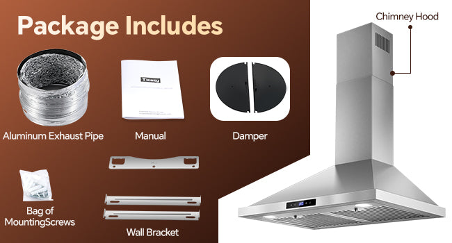 This vent hood 30 inch comes complete with everything you need for setup: aluminum exhaust pipe,manual,damper,bag of mounting screws,wall bracket.
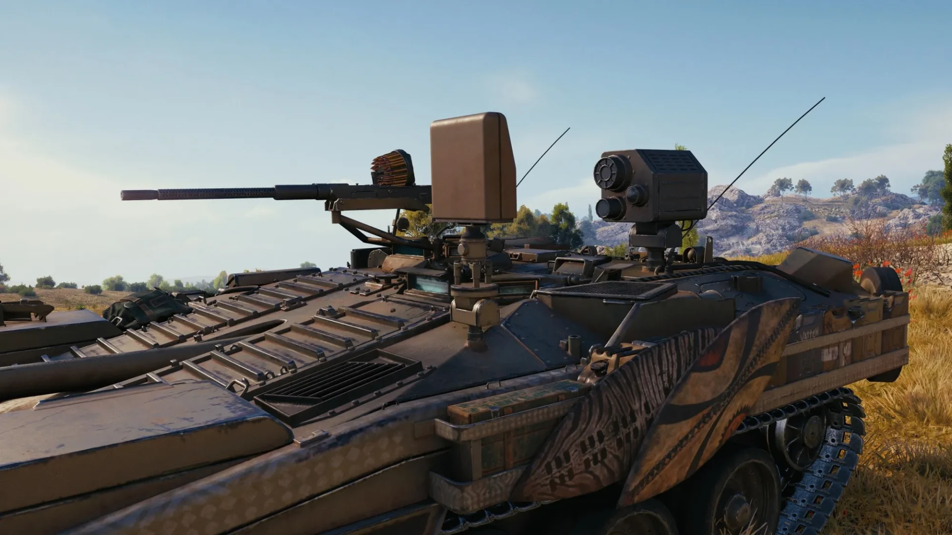 Второй 3D-стиль для данного танка. На этот раз у него есть движущиеся элементы на корпусе. В осадном режиме выдвигается дальномер, а антенна начинает сканировать местность.
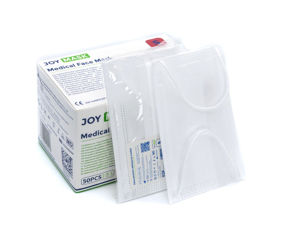 Balenie obsahuje 50 ks zdravotníckych rúšok JOYMASK v menšom rozmere, vhodných pre deti a menšie tváre. Každý kus je samostatne balený s popisom.
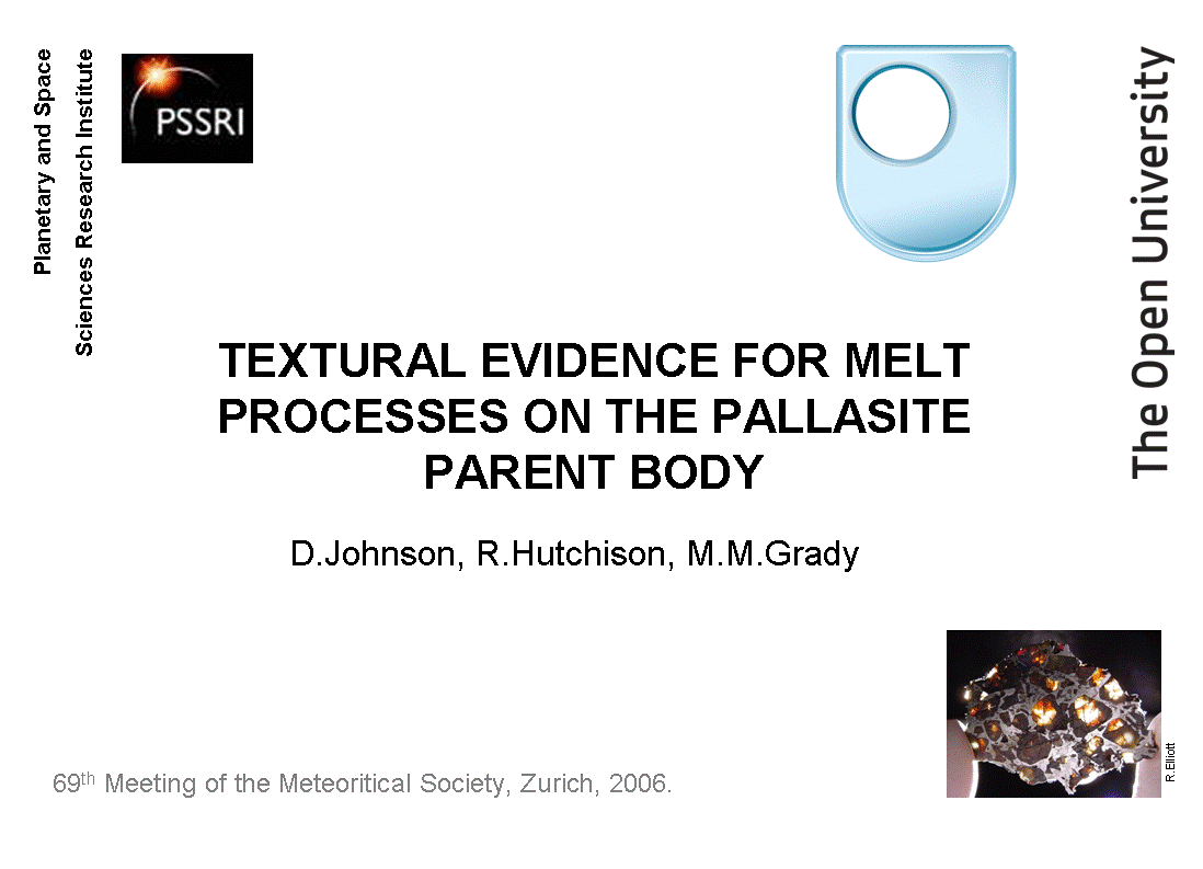 Textural Evidence For Melt Processes On The Pallasite Parent Body - D. Johnson, R. Hutchison, M.M. Grady (Incl. Hambleton Meteorite)
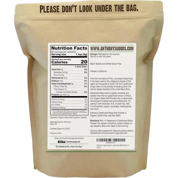 Organic Maca Root Powder, 1 lb, Gelatinized for Enhanced Bioavailability, Gluten Free, Non GMO
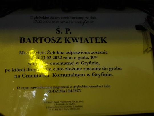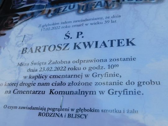 Msza św. żałobna odprawiona zostanie 21 lutego 2022 r. o godz. 13.00 w kaplicy cmentarnej w Gryfinie.
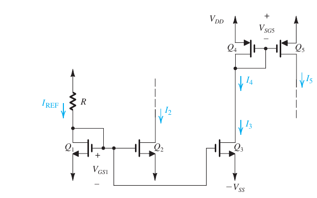 \[I_2 = I_{REF}\frac{(W/L)_2}{(W/L)_1}\] \[I_3 = I_{REF}\frac{(W/L)_3}{(W/L)_1}\]
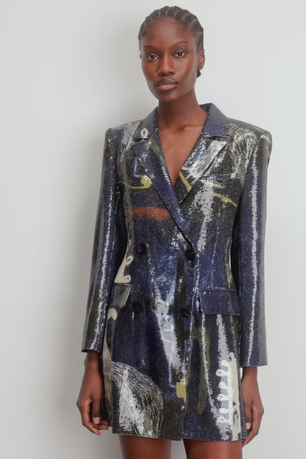 Lange, elegante blazer met een mooie all-over paillettenprint. Deze blazer is ontworpen met een slim fit, rechte schouders, lange mouwen en een dubbelrijige sluiting.

_ _ _ _ _ _ _

Please copy only the lines from the one that contains "Второй 3D-стиль для" through the last line of the records, exactly, and keep every picture out of the copy.

--- OUTPUT BELOW ---
 Второй 3D-стиль для данного танка. На этот раз у него есть движущиеся элементы на корпусе. В осадном режиме выдвигается дальномер, а антенна начинает сканировать местность.
 Balenie obsahuje 50 ks zdravotníckych rúšok JOYMASK v menšom rozmere, vhodných pre deti a menšie tváre. Každý kus je samostatne balený s popisom.
 Textural Evidence For Melt Processes On The Pallasite Parent Body - D. Johnson, R. Hutchison, M.M. Grady (Incl. Hambleton Meteorite)
 Organic Maca Root Powder, 1 lb, Gelatinized for Enhanced Bioavailability, Gluten Free, Non GMO
 Msza św. żałobna odprawiona zostanie 21 lutego 2022 r. o godz. 13.00 w kaplicy cmentarnej w Gryfinie.
 \[I_2 = I_{REF}\frac{(W/L)_2}{(W/L)_1}\] \[I_3 = I_{REF}\frac{(W/L)_3}{(W/L)_1}\]
 Lange, elegante blazer met een mooie all-over paillettenprint. Deze blazer is ontworpen met een slim fit, rechte schouders, lange mouwen en een dubbelrijige sluiting.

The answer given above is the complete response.